Quatre années après la dispersion historique de la collection du pape du surréalisme André Breton (15 avril 2003), qui faisait tomber des enchères records dont celle d’Hans BELLMER pour La poupée (1936, 185 000 €), de Manuel ÁLVAREZ BRAVO pour Parabola optica (parabole optique) (130 000 €) ou de Raoul UBAC pour Le triomphe de la stérilité – Penthésilée (95 000 €), ces artistes n’ont pas réitéré ces exploits. Précisons qu’un pedigree aussi prestigieux que celui de la collection Breton couplé à une qualité d’œuvres extraordinaire déclencha un enthousiasme immodéré chez les collectionneurs. Sans le sceau de cette collection, des mises en scène de Poupées de Bellmer, moins abouties que celle de 1936 colorée à l’aniline s’échangent autour de 10 000 €, à l’instar de celle proposée chez Mathias-Le Roux-Morel-Baron-Ribeyre (Paris) en novembre 2006 qui quadrupla tout de même son estimation basse en trouvant acquéreur pour 10 600 euros!

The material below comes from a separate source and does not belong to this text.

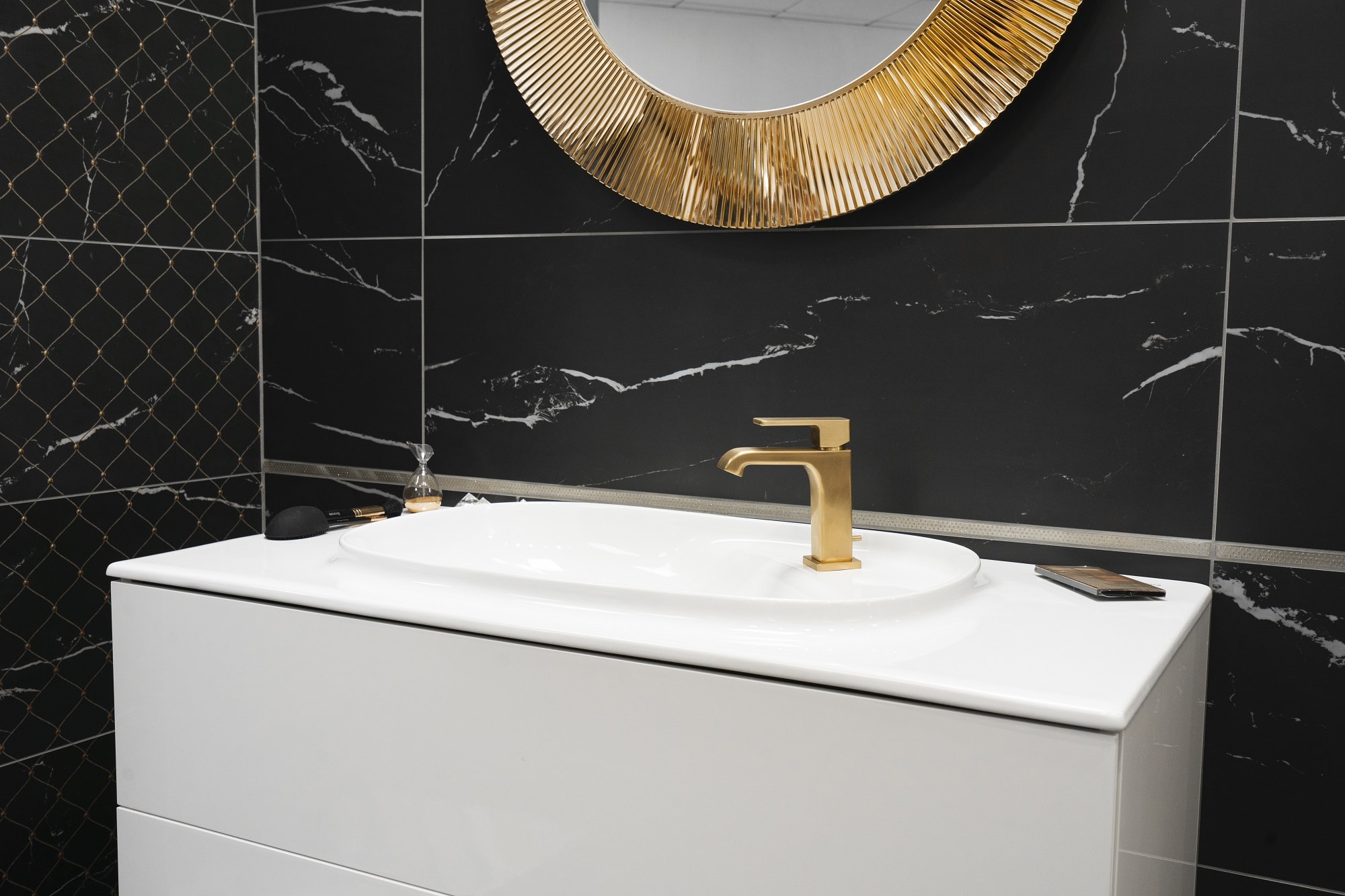 Il en manque un ! Ca alors, il manquait l’or comme autre élément salle de bain chic et glamour, en plus du marbre ! Cette couleur, se matérialise par tous les moyens possible : peinture, revêtement carrelage, robinetterie, ameublement ou accessoires. Les dorures se marient avec presque toutes les couleurs et éléments salle de bain. Cependant, c’est une couleur plutôt forte et imposante, alors on l’accompagnera plutôt de tons neutres comme le blanc ou le noir. Le vrai chic c’est de connaitre le savant mélange de flamboyance et de sobriété, nous en sommes s’or !

Autre exemple, le produit des ventes dégagé pour Raoul Ubac en 2003 s’éleva à près de 400 000 €, tandis qu’en 2005 ses œuvres dégagèrent «seulement » 90 411 € pour un nombre de transactions quasi identique à celui de 2003. A l’heure actuelle, comptez entre 10 000 et 20 000 € si vous convoitez un photomontage ou une composition solarisée des années 30 sous l’objectif d’Ubac.
Quant à Pierre Molinier, son meilleur produit des ventes ne fut pas dégagé en 2003, bien qu’il afficha cette année une progression de +460% par rapport à l’année précédente (142 421 € de produit des ventes en 2003), mais en 2005 à hauteur de 211 873 €. Ce bon résultat de 2005 reflète le succès de la dispersion du 8 juin 2005 consacrée à Molinier et orchestrée par P.Bergé-Buffetaud-Godeau-Chambre-De Nicolay à Paris. Pas moins de 126 photos furent proposées lors de cette vacation dont la majorité furent adjugées entre 350 et 750 euros, bien que certaines épreuves furent enlevées entre 1 000 et 3 000 € comme Le podex d’amour, un photomontage adjugé 2 600 €.